Marcus/Voice/marcus_voice.py
2026-04-12 18:50:22 +04:00

386 lines
12 KiB
Python

#!/usr/bin/env python3
"""
Features/Voice/marcus_voice.py — Marcus Always-Listening Voice Module
======================================================================
State machine:
IDLE → (wake word detected) → WAKE_HEARD
WAKE_HEARD → (record command) → PROCESSING
PROCESSING → (Whisper transcribe) → send to brain → SPEAKING
SPEAKING → (TTS done) → IDLE
Wake word: "Marcus" / "ماركوس" (detected by Whisper tiny)
Commands: Transcribed by Whisper small
TTS: Handled by API/audio_api.py
Usage:
from Features.Voice.marcus_voice import VoiceModule
voice = VoiceModule(audio_api, on_command=brain.handle_voice_command)
voice.start() # background thread
voice.stop()
"""
import logging
import os
import subprocess
import threading
import time
import numpy as np
# ─── PATH CONFIG ─────────────────────────────────────────
from dotenv import load_dotenv
load_dotenv()
BASE_PATH = os.environ.get("PROJECT_BASE", "/home/unitree")
PROJECT_NAME = "Marcus"
PROJECT_ROOT = os.path.join(BASE_PATH, PROJECT_NAME)
import json
LOG_DIR = os.path.join(PROJECT_ROOT, "logs")
os.makedirs(LOG_DIR, exist_ok=True)
logging.basicConfig(
level=logging.INFO,
format="%(asctime)s [%(name)s] %(levelname)s: %(message)s",
handlers=[
logging.FileHandler(os.path.join(LOG_DIR, "voice.log")),
logging.StreamHandler(),
],
)
log = logging.getLogger("marcus_voice")
def load_config(name: str) -> dict:
path = os.path.join(PROJECT_ROOT, "Config", f"config_{name}.json")

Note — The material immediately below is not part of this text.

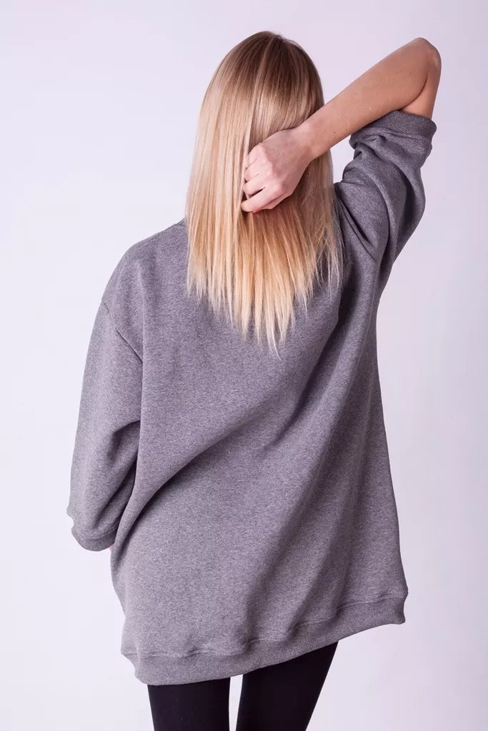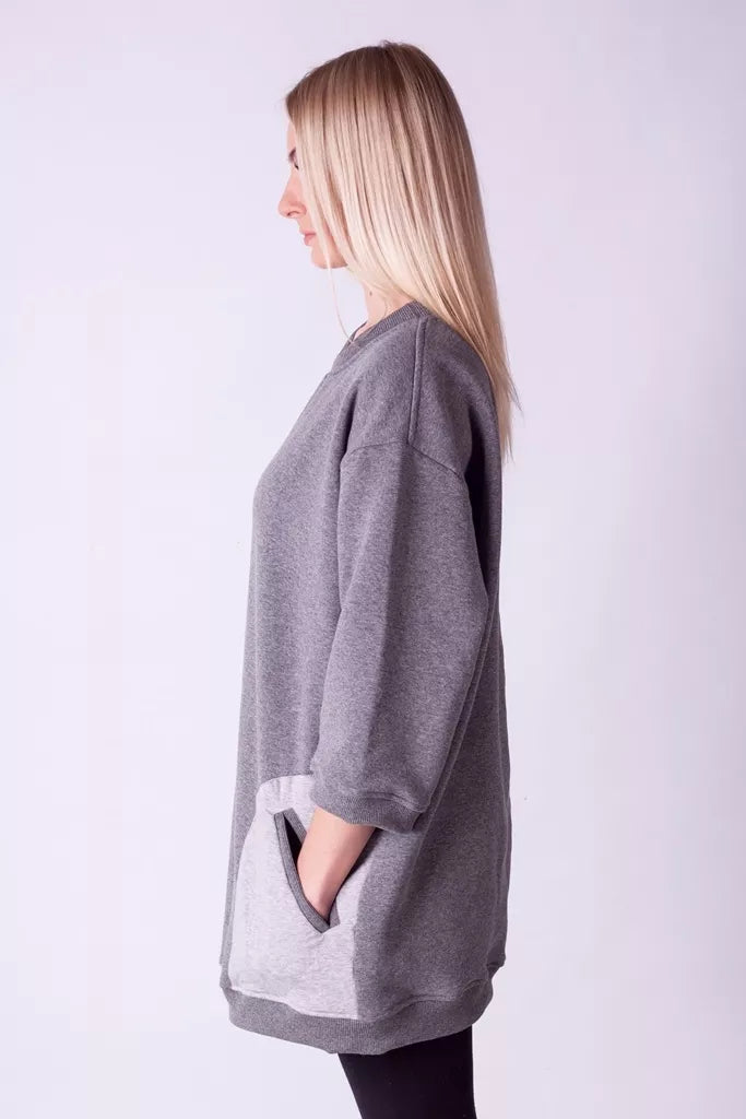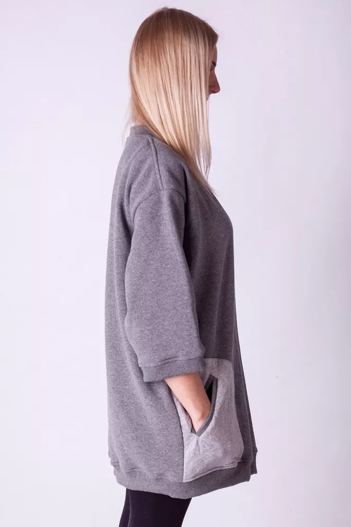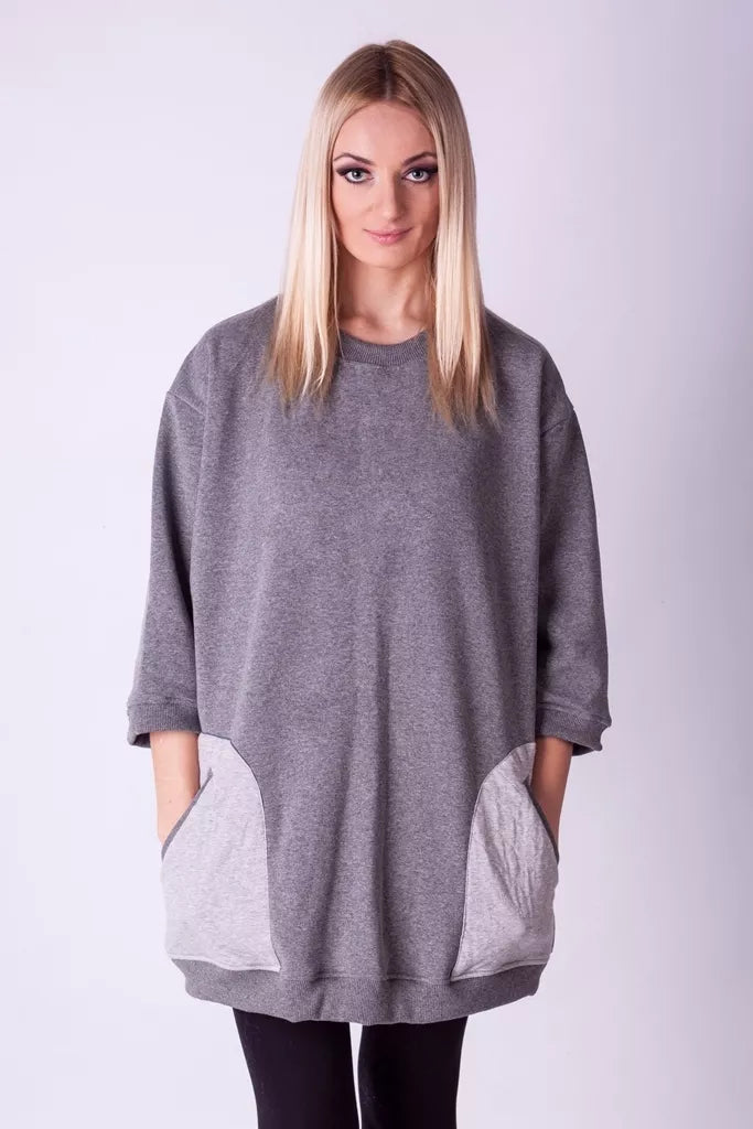 Šiltas jaukus grafito spalvos džemperis su pilkos dygsniuotos medžiagos kišenėmis, puikiai tiks kaip suknelė. Medžiagos vidinė dalis su tankiu pūkeliu, kuris sukuria įpatingą šilumos jausmą ir norą vilkėti džemperį nuolat. Sofa Killer džemperių modeliai nevaržo judesių, tad puikiai tinka tiek pasyviam tiek aktyviam poilsiui. Rankovės trijų ketvirčių ilgio Galite rinktis iš plačios dydžių skalės, o pats rūbas tradiciškai turi būti laisvas, tad kiek didesnis dydis puikiai tiks.

with open(path, "r") as f:
return json.load(f)
# ─── STATE ENUM ──────────────────────────────────────────
class State:
IDLE = "IDLE"
WAKE_HEARD = "WAKE_HEARD"
PROCESSING = "PROCESSING"
SPEAKING = "SPEAKING"
# ─── VOICE MODULE ────────────────────────────────────────
class VoiceModule:
"""Always-listening voice interface for Marcus."""
def __init__(self, audio_api, on_command=None):
"""
Args:
audio_api: AudioAPI instance (from API/audio_api.py)
on_command: callback(text: str, lang: str) — called when command is transcribed
"""
self._audio = audio_api
self._on_command = on_command
self._config = load_config("Voice")
self._stt = self._config["stt"]
self._mic = self._config["mic"]
# Whisper models — lazy loaded
self._wake_model = None
self._cmd_model = None
# Wake words
self._wake_en = [w.lower() for w in self._stt["wake_words_en"]]
self._wake_ar = self._stt["wake_words_ar"]
# State
self._state = State.IDLE
self._running = False
self._thread = None
self._lock = threading.Lock()
log.info("VoiceModule initialized")
# ─── MODEL LOADING ────────────────────────────────────
def _load_whisper(self):
"""Lazy-load Whisper models."""
import whisper
if self._wake_model is None:
log.info("Loading Whisper '%s' for wake word...", self._stt["wake_model"])
self._wake_model = whisper.load_model(self._stt["wake_model"])
log.info("Wake model ready")
if self._cmd_model is None:
log.info("Loading Whisper '%s' for commands...", self._stt["command_model"])
self._cmd_model = whisper.load_model(self._stt["command_model"])
log.info("Command model ready")
# ─── MIC RECORDING ────────────────────────────────────
def _record_chunk(self, seconds: float) -> np.ndarray:
"""Record audio chunk from mic via parec."""
source = self._mic["source_index"]
rate = str(self._mic["rate"])
proc = subprocess.Popen(
["parec", "-d", source,
"--format=s16le", f"--rate={rate}", "--channels=1", "--raw"],
stdout=subprocess.PIPE,
)
time.sleep(seconds)
proc.terminate()
raw = proc.stdout.read()
return np.frombuffer(raw, dtype=np.int16)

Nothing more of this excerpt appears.